Low corporate tax rates really do help to give a country a significant competitive advantage over economic rivals, and are connected with higher than average economic growth, according to the results of a long-term study of international tax rates.

The study, by KPMG International, analyses international movements in corporate tax rates in 86 countries for the past 14 years, drawing on the annual surveys the organization has conducted since 1993.

The findings point to a link between high economic growth rates in countries such as Ireland, Norway, Sweden and Denmark and favourable corporate tax regimes.

Of these countries, Ireland stands as the strongest evidence that low corporate tax rates spur economic growth. Its headline corporate tax rate has fallen in stages from 40% in 1993 to 12.5% today, giving it the lowest corporate tax rate of any developed country.

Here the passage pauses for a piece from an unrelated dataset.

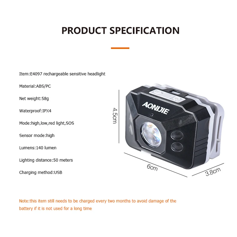 .image for AONIJIE E4097 Waterproof Rechargeable Sensitive LED Headlight Headlamp Flashlight Light Running Fis

At its peak, the Irish economy enjoyed annual growth rates of up to 12%.

Meanwhile, the Scandinavian countries, Norway, Sweden and Denmark, have also enjoyed high growth rates after cutting corporate tax rates and reorganizing their taxation systems in the late 1980s and early 1990s, actions which have cemented their places in the world's top ten economic growth leagues, the report observed.

Canada has also followed the trend by reducing a combined federal/provincial rate from 44.3% to 36.1% between 1993 and 2006.

The US is a significant exception to this trend, having had consistently high rates of growth despite a corporate tax rate that has remained almost static at 40%. This anomaly, according to KPMG Canada's National Leader of International Corporate Tax, Tony Swiderski, is a result of the "sheer economic power" of the US which continues to attract multinational companies regardless of the high tax rate. However, even here, the one-year tax cut on repatriated funds to 5.3% from 35% brought about by the American Jobs Creation Act of 2004 sucked in $300 billion, showing the effectiveness of tax cuts, the study noted.

But cuts in single tax rates are no longer a guaranteed way of stimulating growth in a nation's economy, the report observed. As tax competition has gathered pace in recent years, growth rates have in some countries petered out; for example, Ireland's growth has recently slowed to around 2.5% due to strong competition on tax rates and incentives for inward investment from Eastern European countries like Poland and Hungary. Governments therefore have been forced to look to other factors in their quest to attract multinational companies, such as economic and legal infrastructure.

"Governments have an opportunity to attract inward investment not just through low taxation, but through astute global marketing of the benefits of placing operations in their countries," observed Penny Woolford, Leader of KPMG's International Corporate Tax practice in Toronto.

"Strategies being pursued include market share strategies (such as enforcement of transfer pricing rules) and diversification of income (a shift in the balance between direct and indirect taxes)," she added.

KPMG also found the governments are now more willing to communicate strategic policy for collecting taxes and spending the revenues.

"By actively explaining to investors the benefits arising from their social policies, governments can make it easier for corporations to persuade shareholders and others that a particular decision was financially sensible, socially responsible and capable of producing the sustainable benefits that investors are looking for," Woolford concluded.